| MATERIAL PROVIDED |
-=-=-=-=-
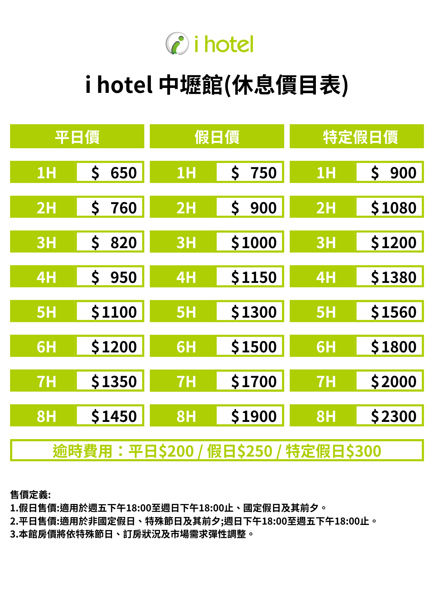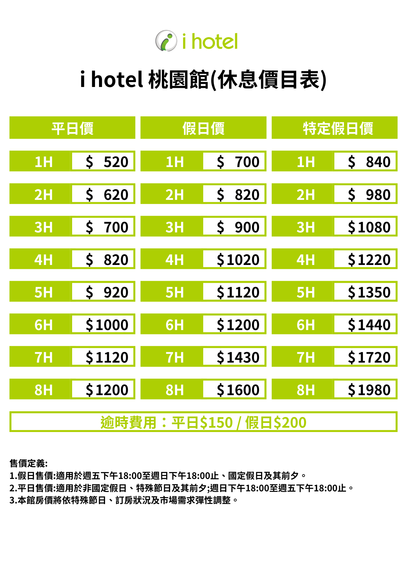 休息價目表
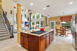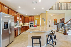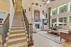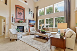 This open concept floor plan has soaring ceilings and something for everyone! There is no lack of space in the spectacular kitchen! Enjoy the large granite island with pop-up electrical, stainless appliances, tons of cabinetry, and prep area. The inviting living room features a beautiful stone fireplace as well as large picture windows allowing for plenty of natural light.
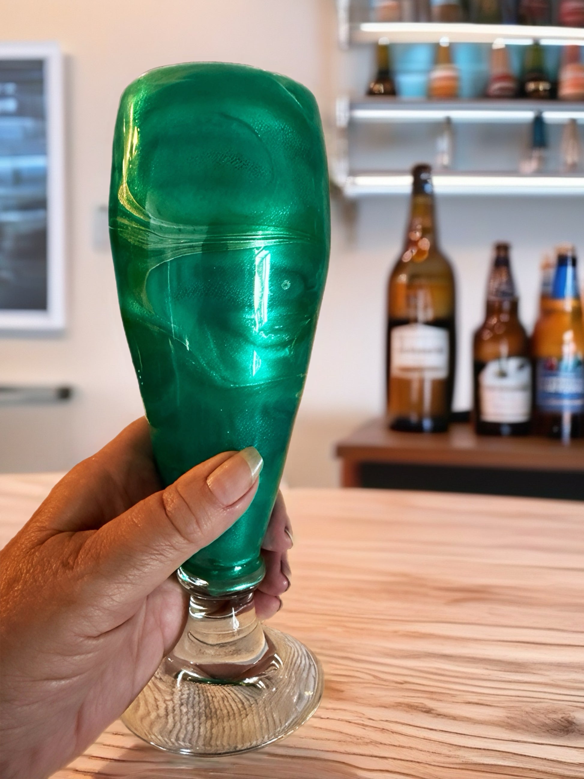 Emerald Swirl Beer Glass — Handcrafted Marbled Glassware
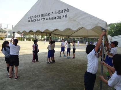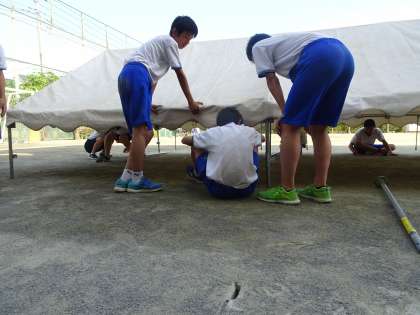 放課後、学級委員が明日の予行練習に向けてテントを張ってくれています。みんなテキパキと仕事をしてくれたのですぐに張り終えることができました。(遠藤)
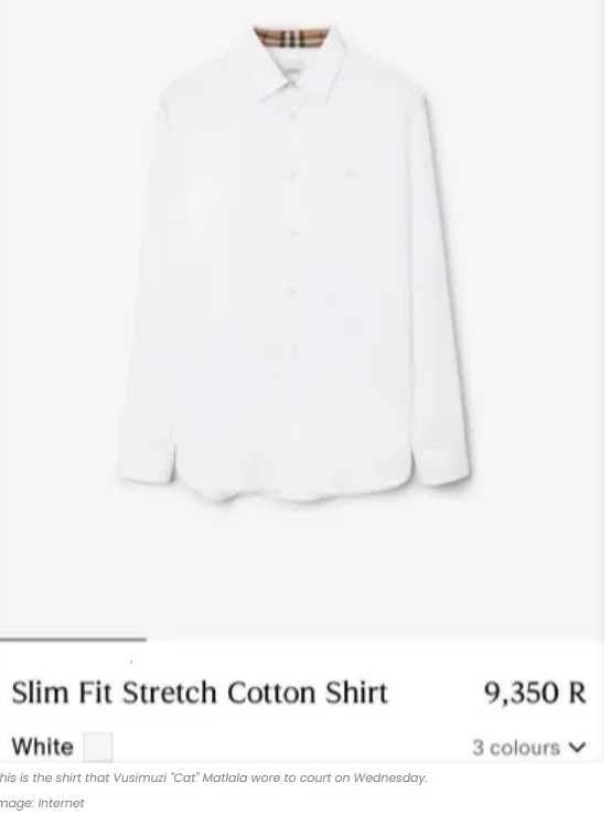 On Wednesday, Matlala started the appearance on a white R9,350 priced Burberry shirt. Matlala arrived in a crisp, slim-fit stretch white Burberry shirt paired with beige trousers, a look far more understated than his usual flamboyant courtroom ensembles. Yet despite the toned-down approach, the price tag of the high-end shirt ensured he still dominated attention the moment he walked in.
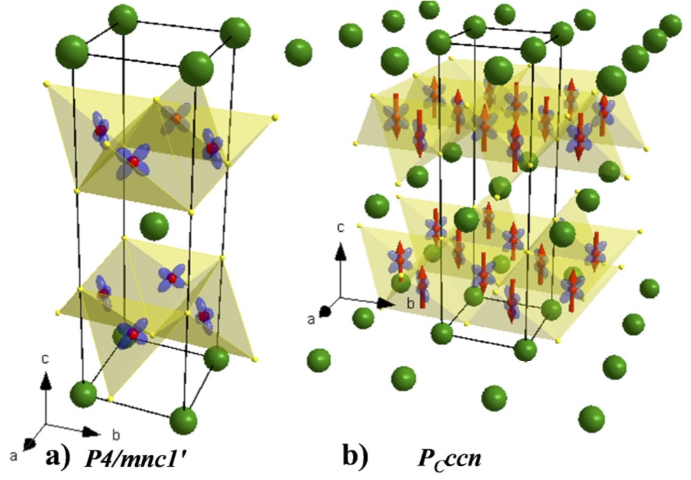 which the lattice parameters jump, the Fermi surface partially gaps and the spins undergo a 90deg in-plane reorientation. Here,
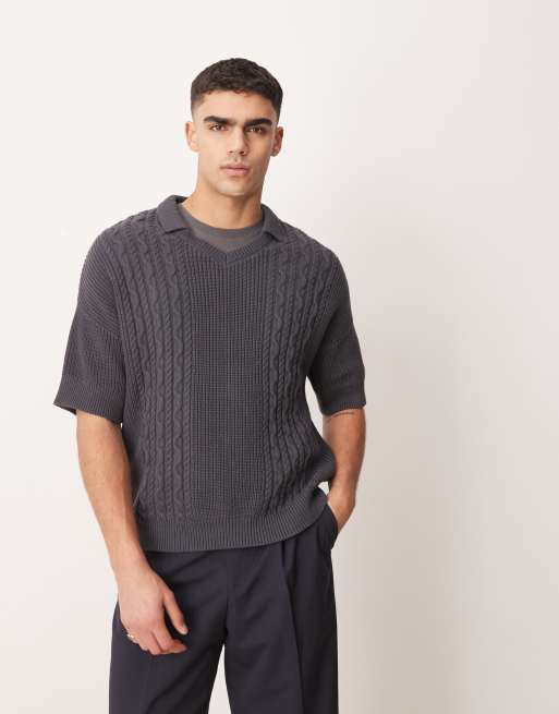 Polo gris carbón holgado con muesca en el cuello de punto de ochos de ASOS DESIGN
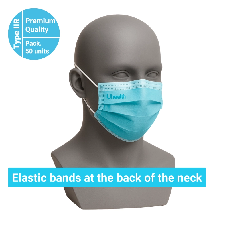 Premium Type IIR surgical mask offering maximum protection and high filtration efficiency. Manufactured with three layers of non-woven fabric and melt-blown filtering material, featuring a moldable plastic-coated steel nose clip and two soft behind-the-head elastic straps for a secure and comfortable fit.
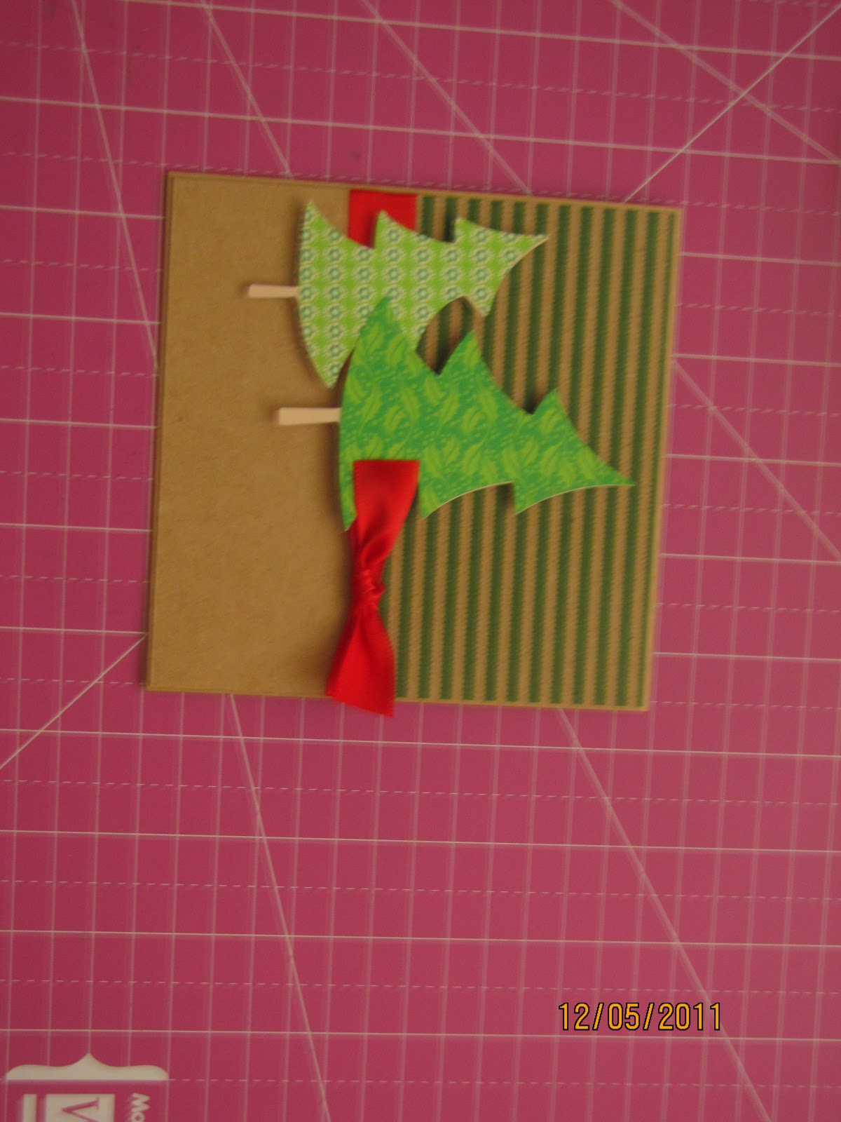 Once you have the trees on the front of you card you will then cut another length of ribbon and then just tie a knot to make it look like a little bow.
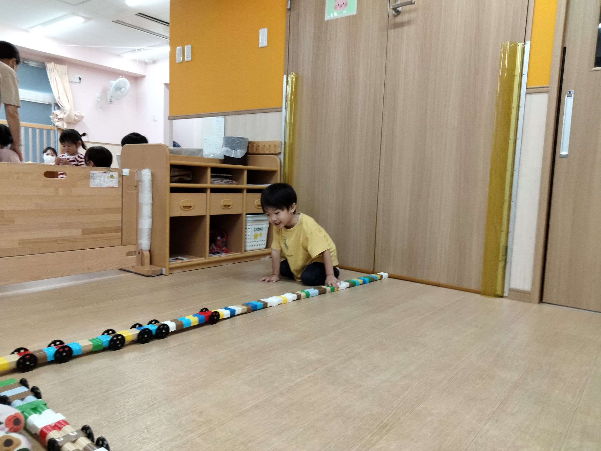 たくさんの数のBブロックを繋げて、長い電車ができてご満悦の様子😁
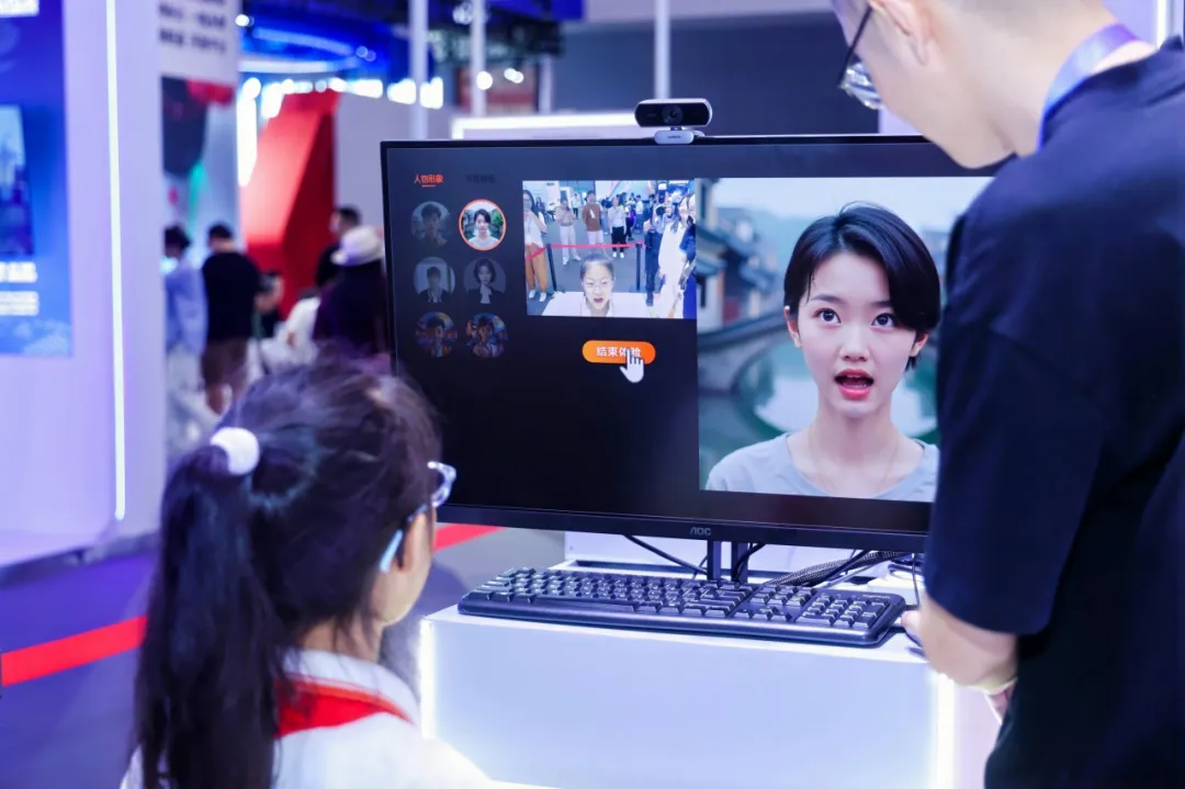中南卡通带来的“苏东坡”AI数字人互动全息舱,通过全息技术实现了与古代文学大家跨越时空的对话;浙江省音乐学院的《光影丹青》沉浸式声景交互展利用虚拟现实技术和空间音频技术,将古琴、笛子等传统乐器的声音与现代电子音色相结合,创造出一个“似实而虚,似虚还实”的音乐世界,让观众仿佛置身于历史画卷之中;华数数字电视传媒集团有限公司的「绘梦师」产品在会展上首发首秀,令人惊艳体验直播流视频实时换脸和深度学习声音克隆技术。
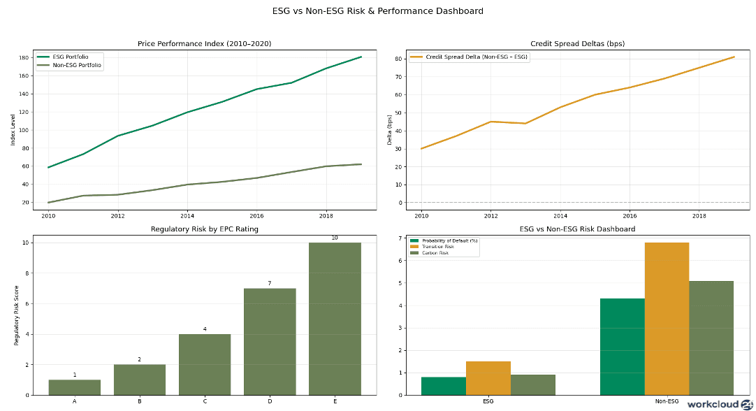 The ESG vs non-ESG risk dashboard consolidates this picture: stronger long-term performance, lower credit risk, and more favourable future liquidity conditions are increasingly concentrated in ESG-aligned assets. For investors, lenders, and asset managers, the conclusion is becoming quantitatively clear ESG alignment is now a forward-looking financial risk factor, not a thematic overlay, and its influence on valuation and debt availability is only intensifying.
-=-=-=-=-
| DESCRIPTION OF THE TASK |
Leaving every picture behind, retype the entries above exactly, from the first line through the line with "たくさんの数のBブロックを繋げて、長い電車ができてご満悦の様子😁", and stop there.

| YOUR SOLUTION |
 休息價目表
 This open concept floor plan has soaring ceilings and something for everyone! There is no lack of space in the spectacular kitchen! Enjoy the large granite island with pop-up electrical, stainless appliances, tons of cabinetry, and prep area. The inviting living room features a beautiful stone fireplace as well as large picture windows allowing for plenty of natural light.
 Emerald Swirl Beer Glass — Handcrafted Marbled Glassware
 放課後、学級委員が明日の予行練習に向けてテントを張ってくれています。みんなテキパキと仕事をしてくれたのですぐに張り終えることができました。(遠藤)
 On Wednesday, Matlala started the appearance on a white R9,350 priced Burberry shirt. Matlala arrived in a crisp, slim-fit stretch white Burberry shirt paired with beige trousers, a look far more understated than his usual flamboyant courtroom ensembles. Yet despite the toned-down approach, the price tag of the high-end shirt ensured he still dominated attention the moment he walked in.
 which the lattice parameters jump, the Fermi surface partially gaps and the spins undergo a 90deg in-plane reorientation. Here,
 Polo gris carbón holgado con muesca en el cuello de punto de ochos de ASOS DESIGN
 Premium Type IIR surgical mask offering maximum protection and high filtration efficiency. Manufactured with three layers of non-woven fabric and melt-blown filtering material, featuring a moldable plastic-coated steel nose clip and two soft behind-the-head elastic straps for a secure and comfortable fit.
 Once you have the trees on the front of you card you will then cut another length of ribbon and then just tie a knot to make it look like a little bow.
 たくさんの数のBブロックを繋げて、長い電車ができてご満悦の様子😁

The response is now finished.